When someone sees a friend who’s recovered from a health crisis, it’s common to say, “You look better than ever.” It’s a nice thing to say and it might even be true, but it doesn’t acknowledge some of the most important parts of what the friend has been through, specifically the lessons learned from surviving life-threatening challenges.
The Radian Group has certainly never been on life support, but it had quite a scare in 2008 when the housing market collapsed. It is projected that private mortgage insurers will ultimately pay approximately $50 billion in claims as a result of the downturn. Half of the insurers in operation at the time have gone out of business. Radian’s own two-year default rate for flow insurance written from 2006 to 2008 nearly tripled compared to the previous five years. And like that friend with a health scare, it learned some very valuable lessons on its way back to being a healthy, thriving company.
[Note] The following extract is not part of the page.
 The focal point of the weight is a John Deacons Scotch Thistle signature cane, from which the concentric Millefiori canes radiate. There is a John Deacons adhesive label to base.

According to Ted Hoffman—Radian’s executive vice president, general counsel, and corporate secretary—prior to the mid-2000s, the company had been operating under the typical cultural constraints of a large financial company. The crisis changed that.
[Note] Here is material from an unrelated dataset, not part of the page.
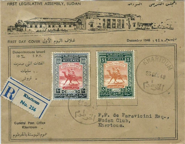 Koperta polecona FDC z Sudanu 1948 wydana z okazji pierwszego posiedzenia zgromadzenia ustawodawczego.
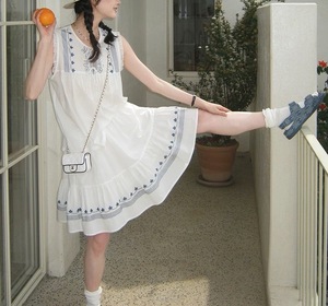 “马蒂斯的海岸”法式复古航海系重工花朵白色刺绣套装裙

Hoffman had just become general counsel in the middle of 2008 and immediately had to try to bring order to a chaotic time. This included making sure that decision makers understood the realities of the complex and potentially disastrous circumstances the company was facing. He also had to ensure that they stayed aware of the legal and regulatory requirements and responsibilities that went along with the options that were available for dealing with the chaos.
At the same time, Hoffman realized that the culture of the company had begun to change. In addition to doing what was required to maintain compliance, as well as the company’s survival, everyone was becoming more proactively, constructively, and collaboratively engaged.
Many companies became paralyzed during such times, but the new corporate spirit resulted in Radian being in a constant state of readiness for whatever situations arose. “The sand was shifting under our feet, so we adopted clear strategic objectives to establish a path forward,” Hoffman says. “Everyone made sure we were collectively prepared to respond to new opportunities at any given time.”
Hoffman admits that the actions the company ultimately undertook “didn’t translate into many home runs.” But there were enough successes to steady the company’s course and create confidence and positive momentum. “We pursued everything that was within our control for handling core operations, liquidity, and capital management,” he says. “We explored so many alternatives that it became one of the most creative and innovative times in our history.”
One of the boldest decisions was making Radian’s financial guaranty business a subsidiary of Radian Guaranty Inc., its principal mortgage insurer. This provided more than $1 billion in statutory capital to the mortgage insurance business, which increased its chances for survival and return to profitability.
The financial crisis also forced the creation of a much more open corporate environment in which everyone was contributing ideas. Anyone—including the newly appointed general counsel—was encouraged to suggest alternatives and innovations. Hoffman describes the new culture as being passionate, flexible, and less hierarchical than most, with “a willingness to roll up your sleeves and get your hands dirty.”
Part of the bonding process that occurred during that time included finding ways to manage the ongoing stress. One way the legal department coped was making occasional excursions to find the best cheesesteak in south Philadelphia. “We had the kind of camaraderie that comes from going through a battle together,” Hoffman explains. “So as a group you find simple ways to boost morale and relieve the strain.”
The new corporate culture also bred a sense of confidence that the company can survive no matter what challenges it faces. This has led to a more proactive, energized stance in the market, such as Radian’s recent acquisition of Clayton Holdings, a provider of outsourced solutions to the mortgage and real-estate industries. Rather than cautiously enjoying a more stable economy and return to profitability, Radian chose to push forward, complement its core products, and launch a completely new business segment.
Hoffman points out that this is actually a continuation of the company’s ongoing commitment to building long-term stockholder value. It still identifies incremental market price objectives and then analyzes the best ways to achieve them. However, as a result of Radian’s experience during the crisis, more options and innovative approaches are now considered when mapping out the optimal means for reaching the company’s goals. “Basically we figure out where we want to be and then find the best ways to knock down obstacles that are in the way,” Hoffman says. “It seems simplistic, but we learned that simple and clear can often be the most effective ways to move forward.”
The approach is working. Radian’s market share, which had fallen below 17 percent during the worst of the crisis, was up to more than 22 percent in the second quarter of 2014. The company has also become the industry’s largest private mortgage insurer (based on insurance-in-force). It would appear that with its open, flexible, more responsive, and innovative culture in place, Radian is also well positioned to prosper for at least a few more generations.